Thursday, November 02, 2006

I'm Down With Retarded


I am discovering this whole blog this is a lot harder than it seems. You need to have a topic every day. I am obligated to entertain the masses – meaning kickmeup and Man#1, the only two people who read this. What if I don’t have a topic? What if I fell into a slack jawed sleep on the train to work and therefore missed the visual stimulants necessary for my blogging lunacy?

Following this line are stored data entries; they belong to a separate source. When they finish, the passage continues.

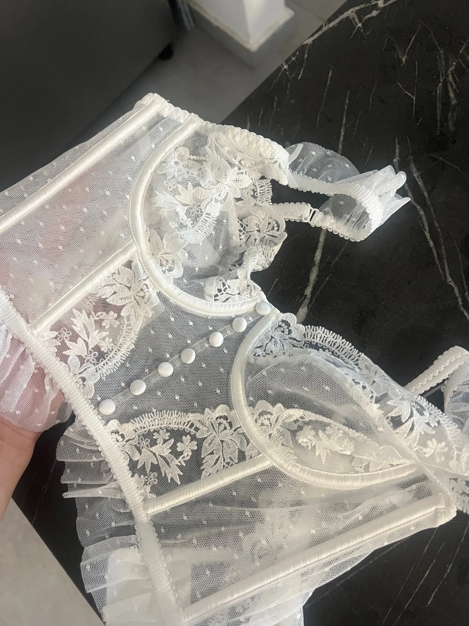 Ses détails raffinés – bordures en dentelle, boutons décoratifs et finition volantée façon lotus – en font une pièce à la fois romantique et audacieuse. L’ultra-fine coque moulée épouse les formes avec subtilité, mettant en valeur la poitrine sans ajouter de volume, pour un rendu naturel et sensuel.
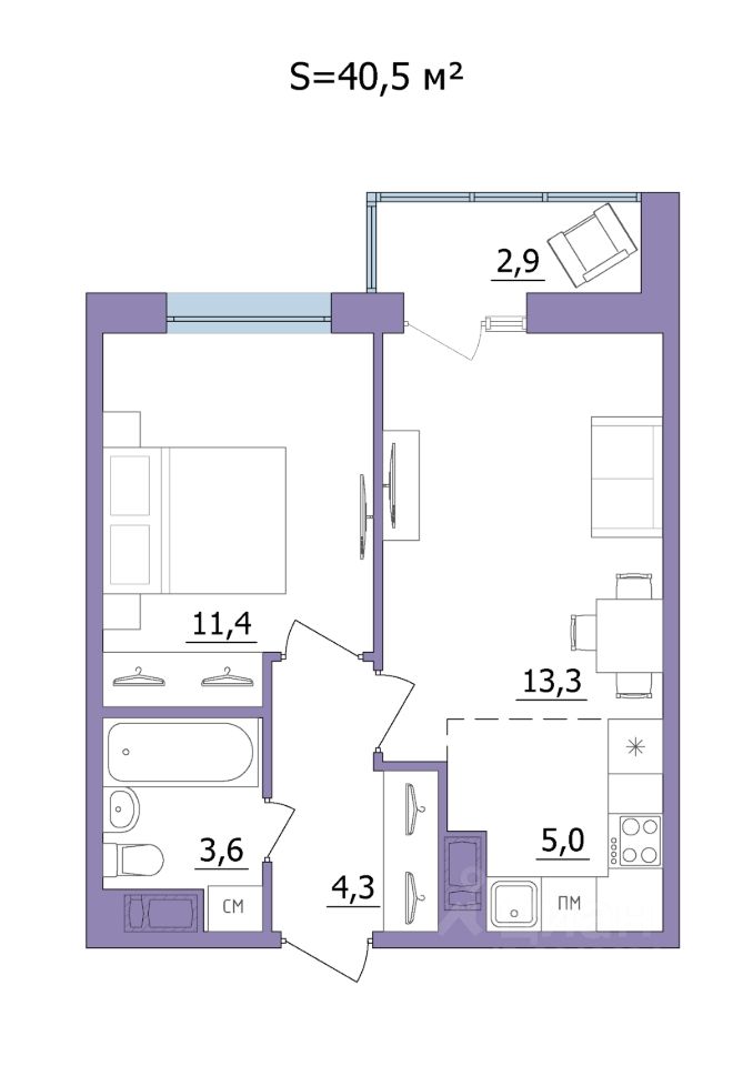 Продаётся 2-комнатная квартира в строящемся доме (Дом 2), срок сдачи: II-кв. 2028, общей площадью 40.5 кв.м., на 22 этаже.
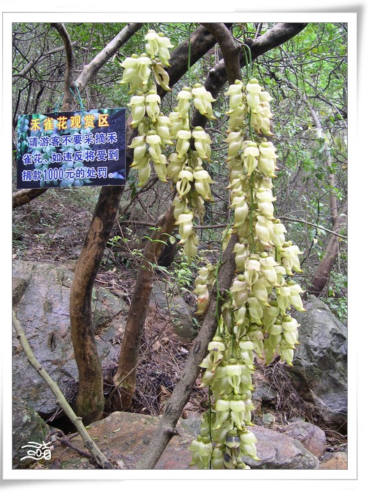 花开的季节,禾雀花吊挂成串,直接长在藤蔓上,每串二三十朵,由一青绿色小藤串连,盛开时,古藤老树下挂满禾雀花,酷似千万只禾雀栖息于林中浓荫下。蔚为奇观!

I was going to write about retarded people this morning. Not as in mentally disabled retarded but as in people who act really stupidly and are therefore retarded by proxy of me. Then I was going to tell the story about how I once went on a date to a wine bar with this guy who quoted Sideways and then, after he got me good and drunk, screamed at me outside the bar when I informed him he would not be having the sex with me that night or ever. So I was going to draw a fancy parallel between the two and come to the conclusion that the stupid wine bar guy is retarded.
Speaking of the disabled, how are we supposed to tell if someone is a midget or just really short? I’m pretty sure the cashier at Sophie’s Cuban Cuisine still qualifies as being just short.
I can say these things because, much like when I make fun of Jews, I am short and often quite retarded. The only difference between, for example, wine bar guy, and me is that I am fully aware of my retardedness. And that makes me cool.